Include standard headers in 429 responses

return new Response('Rate limited', {
status: 429,
headers: {
'X-Retry-After': String(result.retryAfter),
'X-RateLimit-Limit': String(result.limit),
'X-RateLimit-Remaining': String(result.remaining),
'X-RateLimit-Reset': String(result.resetAt),
},
});

Use appropriate windows based on use case:

  • Auth endpoints: 5 attempts / 15 minutes
  • API endpoints: 100 requests / minute
  • File uploads: 10 / minute
  • Expensive operations: 5 / hour

Performance Considerations

StorageLatencyCoordinationUse Case
Database~5-10msCross-instanceDefault, most deployments
Redis~1-2msCross-instanceHigh-traffic APIs
Memory<1msInstance-localServerless, single instance

For most SaaS applications, database storage is sufficient. Consider Redis only if:

  • Rate limiting adds measurable latency
  • You need sub-millisecond response times
  • Database is already under heavy load

Decision Rules

Use database storage when:

  • Running multiple server instances that must share rate limit state
  • Rate limit windows are 1 minute or longer
  • You don't want additional infrastructure complexity

Use Redis/secondary storage when:

  • You need <5ms rate limit checks
  • Database is already CPU-constrained
  • You're handling >1000 requests/second

Avoid memory storage:

  • Rate limits don't persist across server restarts or deployments
  • Each server instance maintains separate counters, allowing users to bypass limits by hitting different instances
  • Serverless functions create new instances frequently, resetting counters unpredictably
  • Only useful for development/testing, never for production rate limiting

If unsure: Start with database storage.
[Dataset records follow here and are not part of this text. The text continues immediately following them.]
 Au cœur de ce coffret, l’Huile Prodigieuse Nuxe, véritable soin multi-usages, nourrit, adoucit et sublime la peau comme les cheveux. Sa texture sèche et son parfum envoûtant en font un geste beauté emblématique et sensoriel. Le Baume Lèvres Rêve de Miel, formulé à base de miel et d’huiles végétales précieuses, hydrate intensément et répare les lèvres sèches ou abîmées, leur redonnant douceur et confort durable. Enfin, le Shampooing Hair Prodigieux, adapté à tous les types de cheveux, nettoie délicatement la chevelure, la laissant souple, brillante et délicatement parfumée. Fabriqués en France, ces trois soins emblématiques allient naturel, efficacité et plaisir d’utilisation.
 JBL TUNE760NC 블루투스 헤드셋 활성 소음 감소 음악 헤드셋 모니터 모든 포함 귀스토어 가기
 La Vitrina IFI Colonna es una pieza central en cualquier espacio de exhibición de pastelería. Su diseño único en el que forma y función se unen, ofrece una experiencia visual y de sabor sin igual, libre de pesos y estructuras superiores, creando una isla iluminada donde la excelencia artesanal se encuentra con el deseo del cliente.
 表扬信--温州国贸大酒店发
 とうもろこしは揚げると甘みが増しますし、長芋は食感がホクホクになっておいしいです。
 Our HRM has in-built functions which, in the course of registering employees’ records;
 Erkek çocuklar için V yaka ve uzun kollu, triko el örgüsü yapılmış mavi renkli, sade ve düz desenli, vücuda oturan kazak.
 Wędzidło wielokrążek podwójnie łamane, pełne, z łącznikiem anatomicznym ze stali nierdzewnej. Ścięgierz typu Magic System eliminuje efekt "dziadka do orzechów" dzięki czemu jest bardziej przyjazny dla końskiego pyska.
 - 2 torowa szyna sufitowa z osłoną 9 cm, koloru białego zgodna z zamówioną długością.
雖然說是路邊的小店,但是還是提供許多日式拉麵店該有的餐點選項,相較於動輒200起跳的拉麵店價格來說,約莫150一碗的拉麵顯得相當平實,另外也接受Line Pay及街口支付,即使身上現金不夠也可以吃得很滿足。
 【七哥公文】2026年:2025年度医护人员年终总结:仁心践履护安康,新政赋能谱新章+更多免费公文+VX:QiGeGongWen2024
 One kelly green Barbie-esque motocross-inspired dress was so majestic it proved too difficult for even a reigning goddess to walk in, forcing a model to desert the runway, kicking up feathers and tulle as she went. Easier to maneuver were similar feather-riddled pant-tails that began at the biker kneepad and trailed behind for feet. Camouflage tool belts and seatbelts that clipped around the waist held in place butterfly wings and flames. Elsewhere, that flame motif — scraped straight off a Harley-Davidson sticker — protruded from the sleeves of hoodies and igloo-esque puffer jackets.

In production with ~50k daily active users, database-backed rate limiting adds approximately 5-10ms per request. We haven't needed Redis until hitting 500+ concurrent requests/second.

Common Pitfalls

  • Creating service per request - Instantiating createRateLimitService() inside request handlers creates connection overhead; use a module-level singleton
  • Rate limiting before auth - Unauthenticated requests consume rate limit quota; validate authentication before checking rate limits
  • Missing retry headers - Clients don't know when to retry; always include X-Retry-After, X-RateLimit-Remaining, and X-RateLimit-Reset headers
  • Keys too broad - Using just api:upload rate limits all users together; include user/org ID in keys for per-user limits
  • Keys too narrow - Creating unique keys per endpoint variant fragments limits; group related endpoints under common keys
  • Forgetting cleanup - The rate_limit table grows indefinitely; schedule periodic cleanup of expired entries

Cleanup

The database table grows over time. Better Auth handles cleanup, but for custom implementations:

// Delete entries older than 1 hour
await db.rateLimit.deleteMany({
where: {
lastRequest: { lt: Date.now() - 3600000 }
}
});

Run periodically via cron or scheduled job.